In fairness, part of this “feeling” may be attributable to the new media and social-media landscape. Virtually everything is captured on video today, and it can be disseminated worldwide at a button’s touch. Additionally, with the “alternative” media now mainstream, and the ex-mainstream media waning, the latter can no longer bury “un-woke” crimes. The result: More than ever, people see violent incidents in living color. And seeing is believing — and fearing.
Be that as it may, the Daily Caller gets at a reality. Today’s rampant vagrancy and the aforementioned associated ills may not always be a “crime.” Nonetheless, they induce stress and fear in the populace. They also reflect criminal potentiality. With approximately 85 percent of vagrants being mentally ill or alcohol- or drug-addicted, it’s clear that many are ticking time bombs. One of them went off on August 22, too.
His name is Decarlos Brown Jr. — Iryna Zarutska’s murderer.
Yet amid the debates over whether “crime is down,” a point is missed.
Down from what? A 2020, post-George Floyd-madness high or some other recent mark?
A story: I live in a beautiful, wealthy suburb of New York City.
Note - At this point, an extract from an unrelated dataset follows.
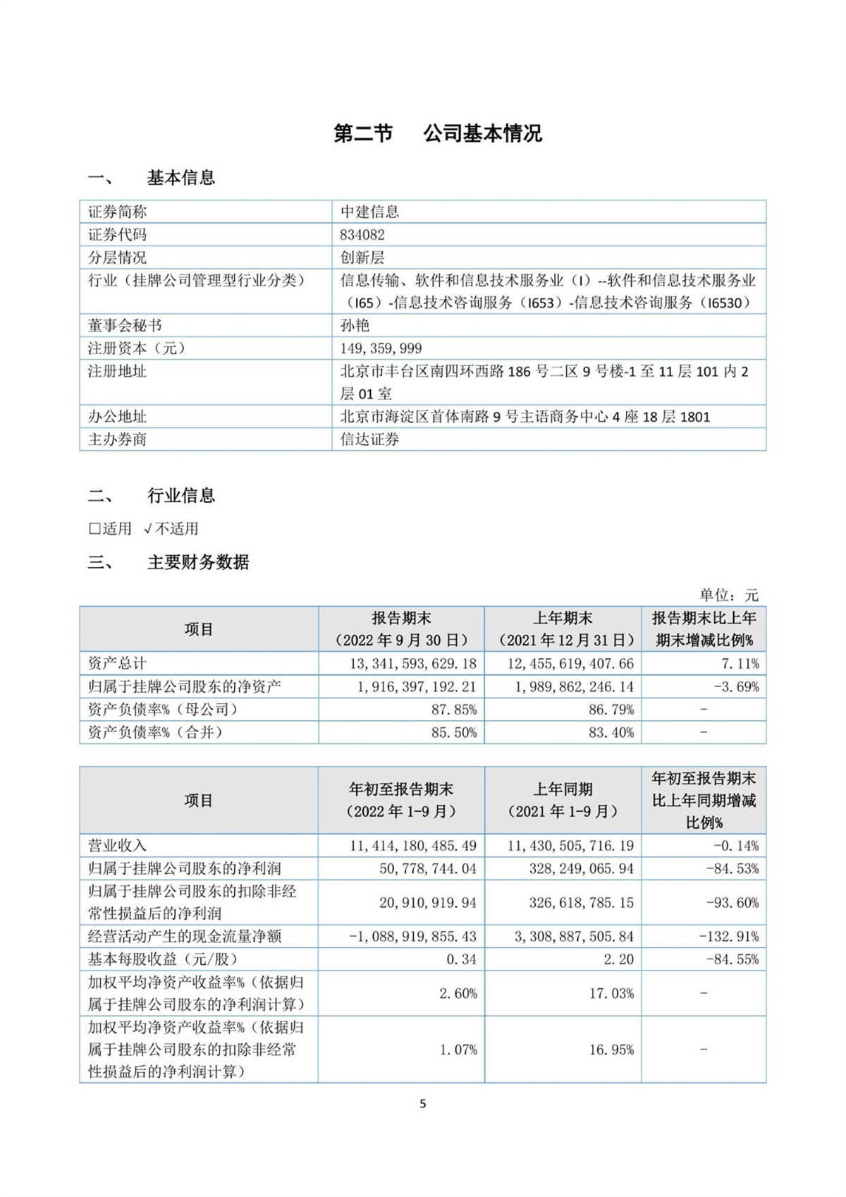 中建信息2022年第三季度报告
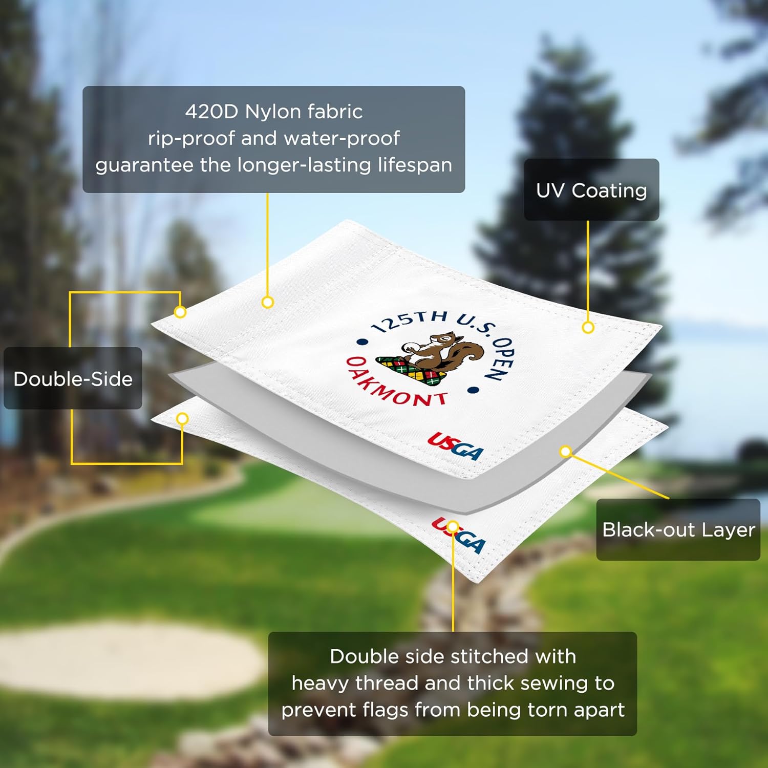 - Exclusive U.S.Tour Design: Stand out with the latest U.S.Open 2025 pattern, exquisitely silk-screened on both sides of the 6x8 inch practice putting green flag, making it a must-have for golf enthusiasts.

It’s the kind of place where, unlike in Big Apple hoods, store display windows aren’t gated at night. But guess what?
When my mother arrived in the U.S. in 1951, display windows in the Bronx also weren’t gated at night.
The Bronx.
But this had changed by the ’70s.
In this vein, Professor Thomas Sowell reported that while growing up in Harlem, NYC, in the ’30s and ’40s, he never heard a gunshot. This is unimaginable today. What’s different?
Demographics and the people’s moral foundation are.
The point is, does it make sense dismissing crime concerns because criminality isn’t as bad as recent history’s worst period? Our standards should be higher. Oh, maybe we won’t be Mayberry anytime soon, but we don’t have to be Mad Max land, either.
On Tuesday, Congresswoman Alma Adams (D-N.C.), who “represents” (the rumor holds) Charlotte, reacted to Zarutska’s killing and a consequent call by President Donald Trump for increased detention for chronic violent offenders.
“You can’t solve everything by putting people in jail,” she insisted.
But we don’t have to solve “everything” — just what the situation at issue reflects. And consider:
Murderer Decarlos Brown had on his rap sheet 14 arrests, some for violent offenses, dating back to 2011. He’d also been diagnosed with schizophrenia and was frighteningly disturbed. Why was he still on the streets?
Alma Adams is the reason — she and so many people like her.
It is factual that the vast majority of violent crimes are committed by a very small percentage of repeat offenders. (In Sweden, research found that one percent of the population commits 63 percent of all violent crime.) And half of all U.S. homicides occur in just two percent of our counties.
So, no, we don’t have to solve “everything.” Nor do we have jail everyone. We just have to get the predators who’ve already served notice on society off the streets.
Can we agree on this simple proposition? Or do some of us, bent on running interference for evil, want yet more innocent blood on our hands?